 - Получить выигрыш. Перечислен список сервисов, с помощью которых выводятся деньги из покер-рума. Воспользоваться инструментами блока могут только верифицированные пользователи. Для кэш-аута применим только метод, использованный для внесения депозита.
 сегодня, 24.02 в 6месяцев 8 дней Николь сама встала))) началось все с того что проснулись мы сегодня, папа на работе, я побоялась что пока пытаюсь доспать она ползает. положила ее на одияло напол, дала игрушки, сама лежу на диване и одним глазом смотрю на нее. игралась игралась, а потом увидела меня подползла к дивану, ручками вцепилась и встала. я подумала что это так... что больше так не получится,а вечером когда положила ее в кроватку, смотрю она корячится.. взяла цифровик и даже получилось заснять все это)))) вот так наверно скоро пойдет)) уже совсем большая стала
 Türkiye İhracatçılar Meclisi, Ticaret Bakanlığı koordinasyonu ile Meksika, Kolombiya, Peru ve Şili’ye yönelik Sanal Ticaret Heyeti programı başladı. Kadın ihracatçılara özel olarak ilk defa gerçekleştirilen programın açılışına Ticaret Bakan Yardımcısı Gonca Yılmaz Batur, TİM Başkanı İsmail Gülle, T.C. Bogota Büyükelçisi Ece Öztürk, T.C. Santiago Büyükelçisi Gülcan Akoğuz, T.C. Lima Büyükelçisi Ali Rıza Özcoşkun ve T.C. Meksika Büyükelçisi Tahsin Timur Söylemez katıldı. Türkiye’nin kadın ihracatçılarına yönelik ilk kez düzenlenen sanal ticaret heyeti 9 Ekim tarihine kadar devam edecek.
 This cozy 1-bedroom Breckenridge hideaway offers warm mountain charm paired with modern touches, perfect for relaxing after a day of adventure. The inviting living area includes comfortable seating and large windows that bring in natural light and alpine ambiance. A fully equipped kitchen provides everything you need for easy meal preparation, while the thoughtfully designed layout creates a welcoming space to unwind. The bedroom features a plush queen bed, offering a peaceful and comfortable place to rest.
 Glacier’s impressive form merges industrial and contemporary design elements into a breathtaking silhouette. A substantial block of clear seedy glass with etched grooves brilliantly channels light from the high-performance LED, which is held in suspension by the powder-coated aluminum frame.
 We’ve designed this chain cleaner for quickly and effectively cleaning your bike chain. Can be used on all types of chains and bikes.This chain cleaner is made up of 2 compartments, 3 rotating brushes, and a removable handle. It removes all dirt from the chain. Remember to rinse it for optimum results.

...

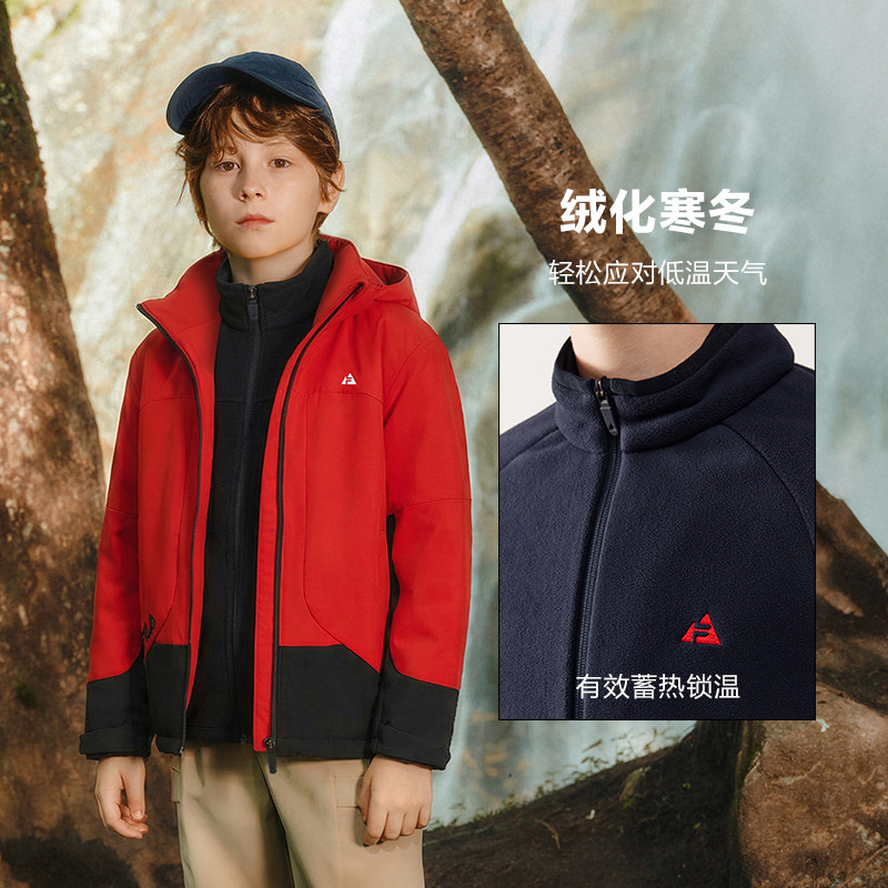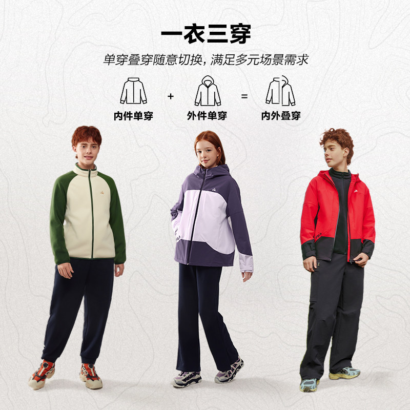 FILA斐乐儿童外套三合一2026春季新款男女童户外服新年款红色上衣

TASK DIRECTIONS = Every line above from the line with "This cozy 1-bedroom" to the line with "Glacier’s impressive form", both included, must be reproduced exactly, and no other line may appear.

RESPONSE AREA =
 This cozy 1-bedroom Breckenridge hideaway offers warm mountain charm paired with modern touches, perfect for relaxing after a day of adventure. The inviting living area includes comfortable seating and large windows that bring in natural light and alpine ambiance. A fully equipped kitchen provides everything you need for easy meal preparation, while the thoughtfully designed layout creates a welcoming space to unwind. The bedroom features a plush queen bed, offering a peaceful and comfortable place to rest.
 Glacier’s impressive form merges industrial and contemporary design elements into a breathtaking silhouette. A substantial block of clear seedy glass with etched grooves brilliantly channels light from the high-performance LED, which is held in suspension by the powder-coated aluminum frame.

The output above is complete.